[Raw data Boundary: Start]
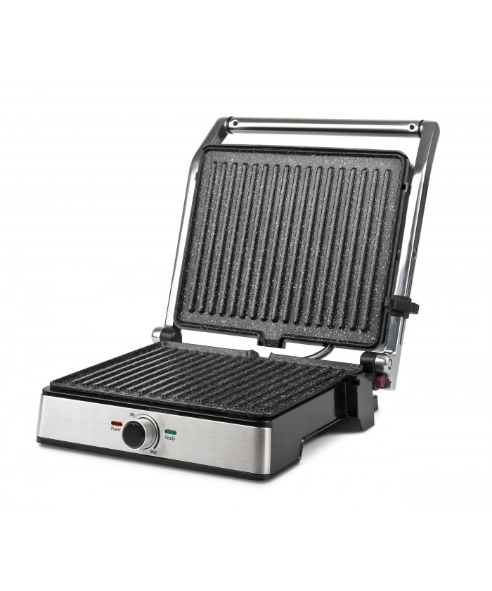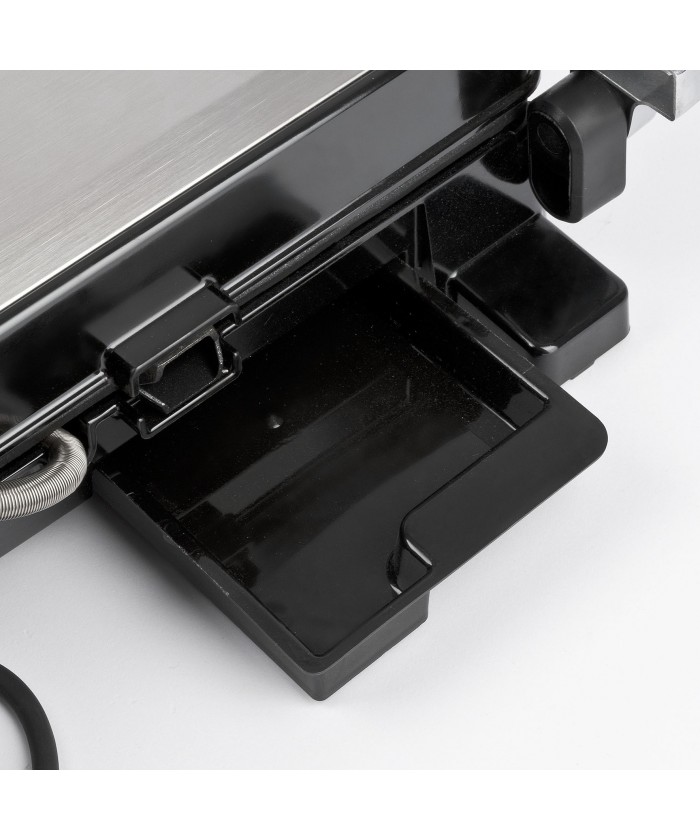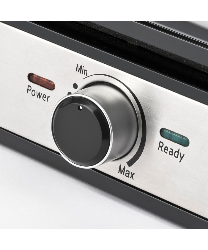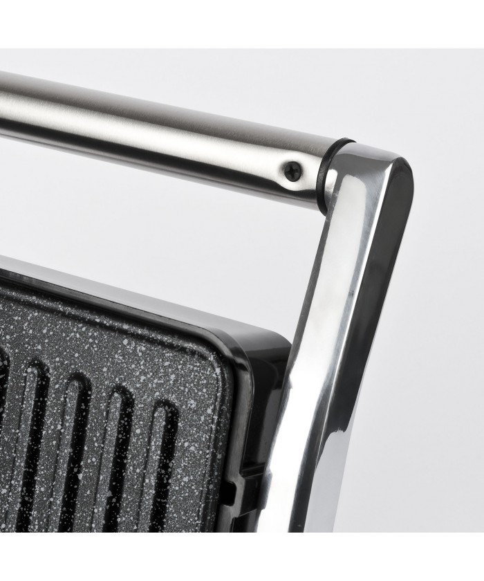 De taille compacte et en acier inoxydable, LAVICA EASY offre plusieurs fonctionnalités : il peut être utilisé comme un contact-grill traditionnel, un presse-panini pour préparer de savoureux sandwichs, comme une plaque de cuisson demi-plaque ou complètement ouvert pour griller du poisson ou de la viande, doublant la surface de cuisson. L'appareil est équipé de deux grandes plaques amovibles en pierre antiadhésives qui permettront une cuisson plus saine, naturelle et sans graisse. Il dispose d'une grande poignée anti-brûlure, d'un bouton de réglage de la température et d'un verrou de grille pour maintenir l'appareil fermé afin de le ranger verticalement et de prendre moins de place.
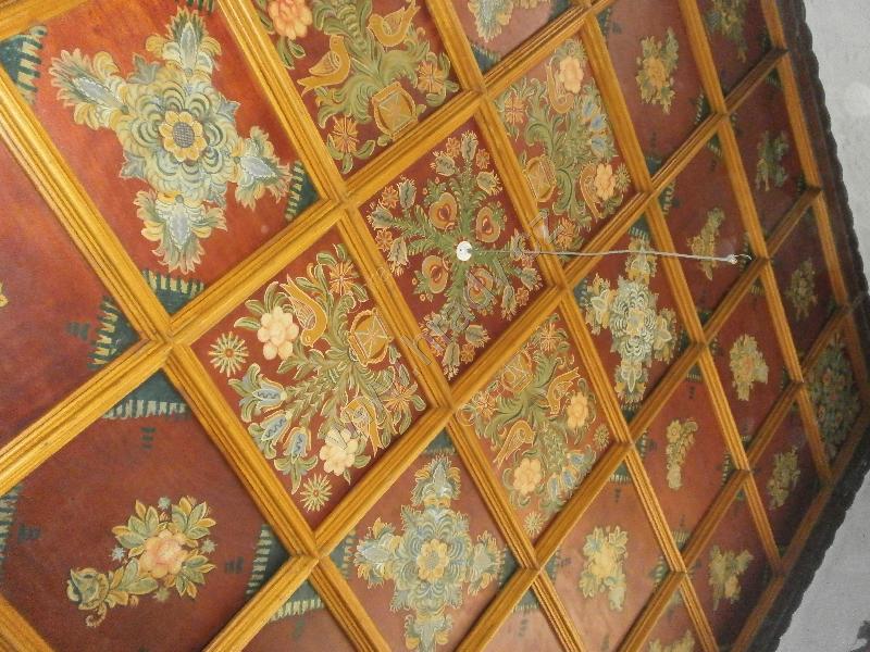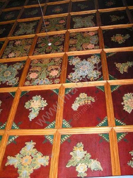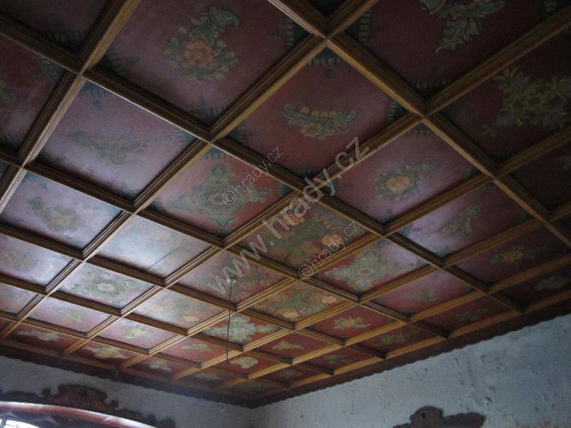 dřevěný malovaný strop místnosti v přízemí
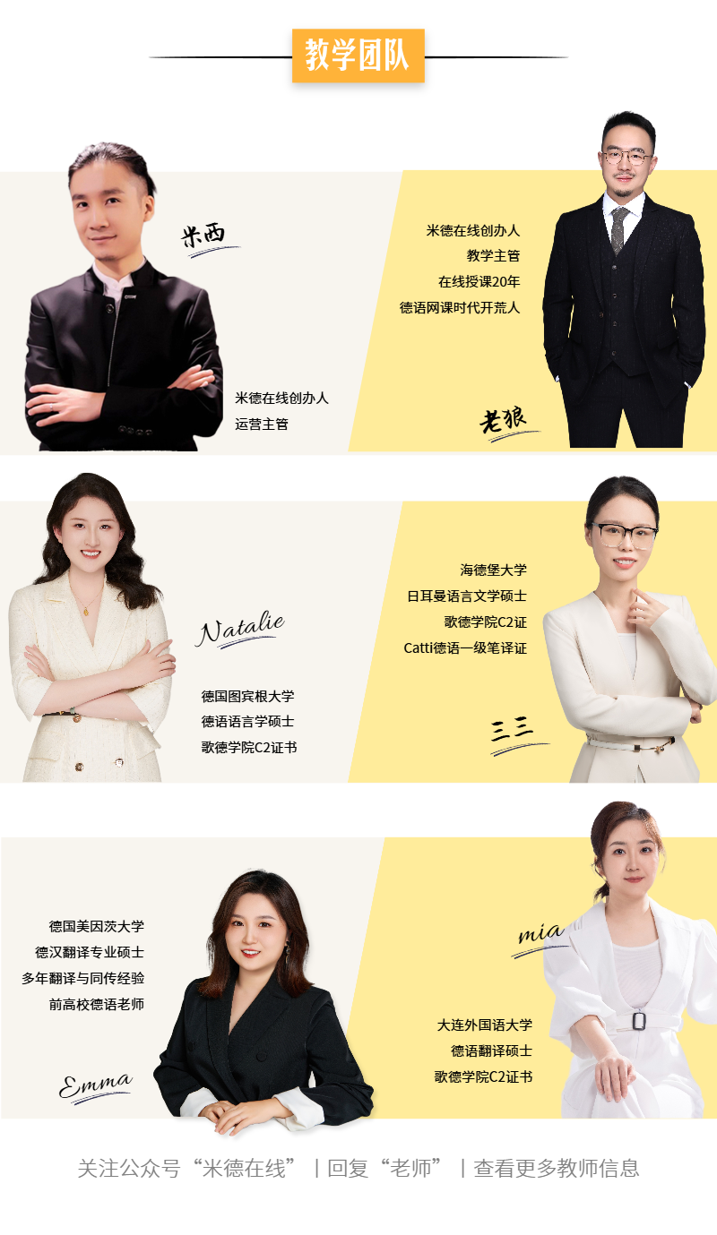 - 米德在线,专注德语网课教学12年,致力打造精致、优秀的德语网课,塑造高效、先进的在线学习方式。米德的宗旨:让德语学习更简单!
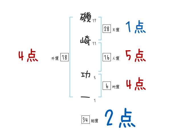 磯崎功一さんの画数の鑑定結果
[Raw data Boundary: End]
[Raw data Boundary: Start]
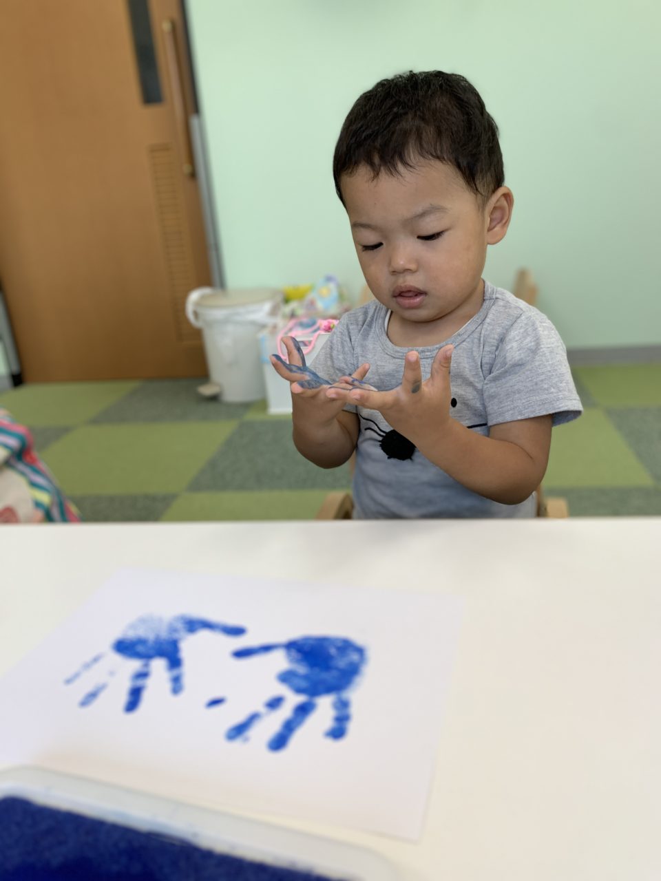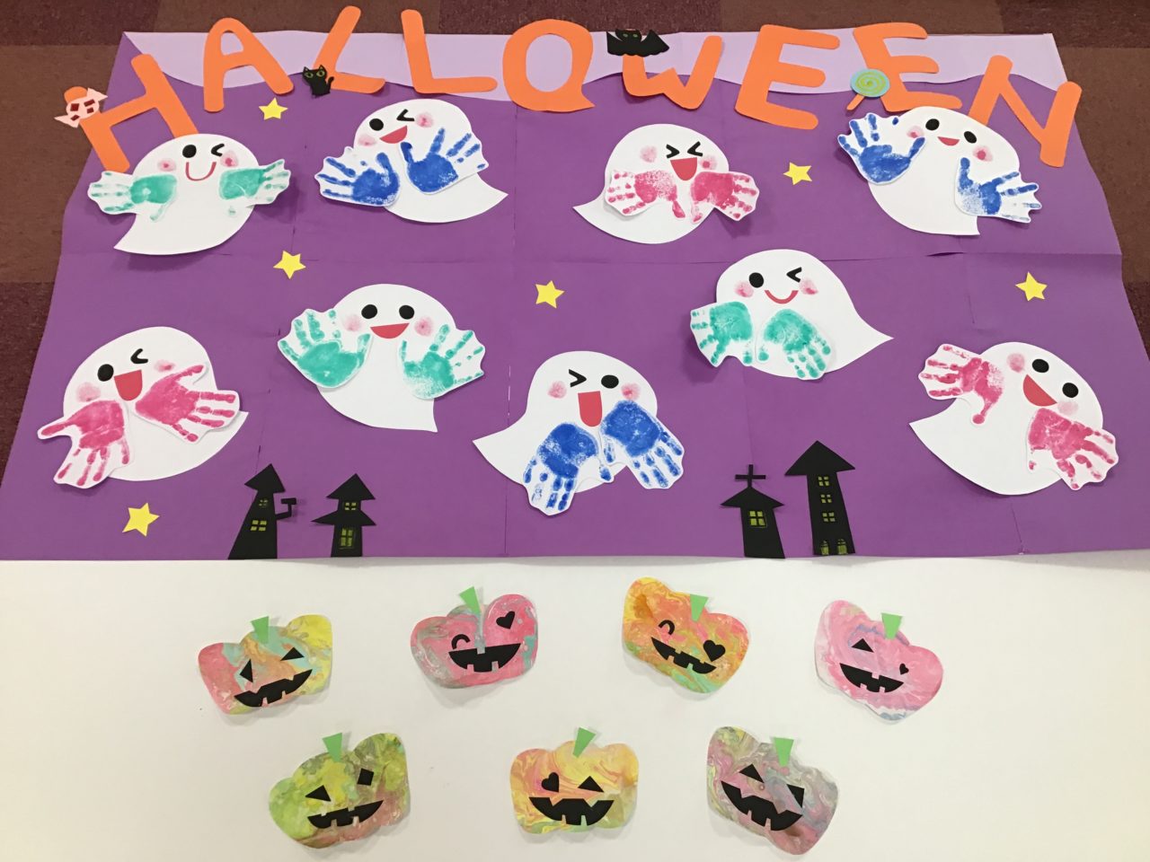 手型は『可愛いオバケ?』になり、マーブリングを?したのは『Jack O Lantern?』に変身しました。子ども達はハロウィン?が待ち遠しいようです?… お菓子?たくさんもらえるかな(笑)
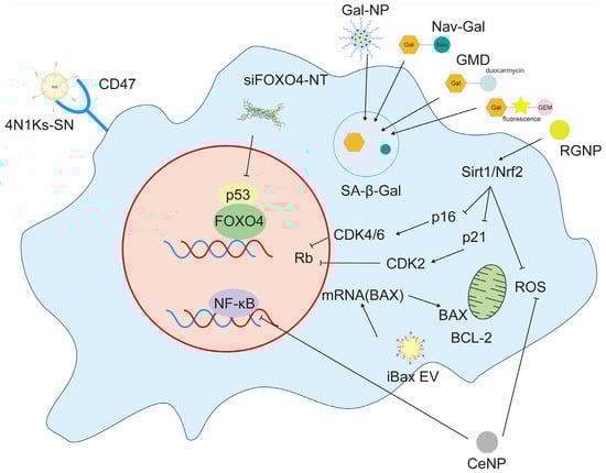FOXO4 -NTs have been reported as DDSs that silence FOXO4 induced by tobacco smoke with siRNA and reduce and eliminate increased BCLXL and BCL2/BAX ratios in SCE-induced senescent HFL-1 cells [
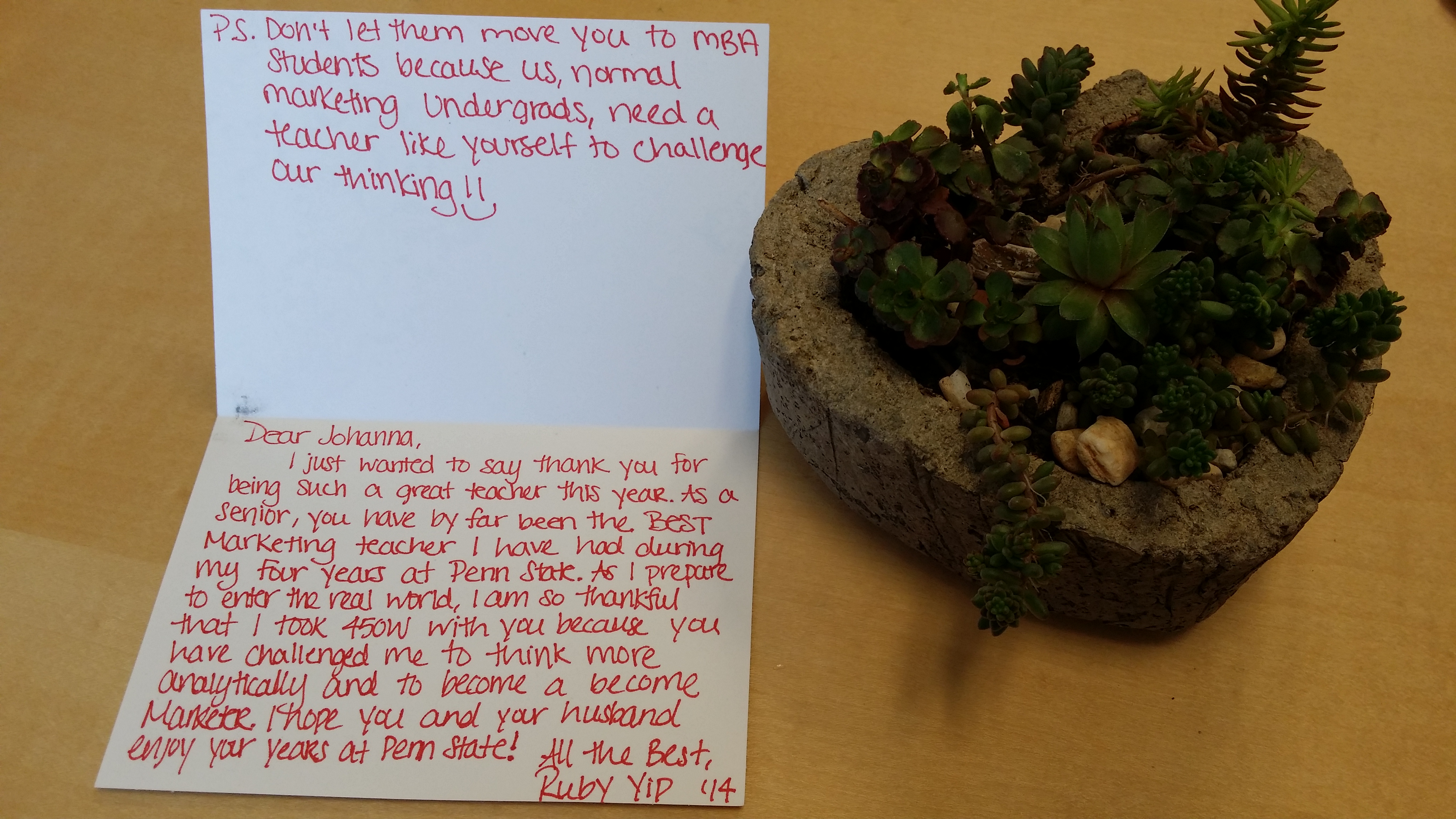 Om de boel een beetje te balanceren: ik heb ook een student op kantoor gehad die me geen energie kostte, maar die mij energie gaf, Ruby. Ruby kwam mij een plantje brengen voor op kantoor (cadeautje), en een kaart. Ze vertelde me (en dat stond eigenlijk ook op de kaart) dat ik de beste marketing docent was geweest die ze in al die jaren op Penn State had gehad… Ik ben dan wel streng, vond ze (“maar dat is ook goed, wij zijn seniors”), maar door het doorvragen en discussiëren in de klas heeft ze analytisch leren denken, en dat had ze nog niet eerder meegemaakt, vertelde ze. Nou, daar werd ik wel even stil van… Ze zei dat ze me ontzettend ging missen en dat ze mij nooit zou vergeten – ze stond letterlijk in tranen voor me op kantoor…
[Raw data Boundary: End]
» **Exercise aim**
With the pictures omitted, copy exactly the lines of the listing above starting at the line containing "FOXO4 -NTs have" and ending at the line containing "Om de boel een", both included.

» **Response box**
FOXO4 -NTs have been reported as DDSs that silence FOXO4 induced by tobacco smoke with siRNA and reduce and eliminate increased BCLXL and BCL2/BAX ratios in SCE-induced senescent HFL-1 cells [
 Om de boel een beetje te balanceren: ik heb ook een student op kantoor gehad die me geen energie kostte, maar die mij energie gaf, Ruby. Ruby kwam mij een plantje brengen voor op kantoor (cadeautje), en een kaart. Ze vertelde me (en dat stond eigenlijk ook op de kaart) dat ik de beste marketing docent was geweest die ze in al die jaren op Penn State had gehad… Ik ben dan wel streng, vond ze (“maar dat is ook goed, wij zijn seniors”), maar door het doorvragen en discussiëren in de klas heeft ze analytisch leren denken, en dat had ze nog niet eerder meegemaakt, vertelde ze. Nou, daar werd ik wel even stil van… Ze zei dat ze me ontzettend ging missen en dat ze mij nooit zou vergeten – ze stond letterlijk in tranen voor me op kantoor…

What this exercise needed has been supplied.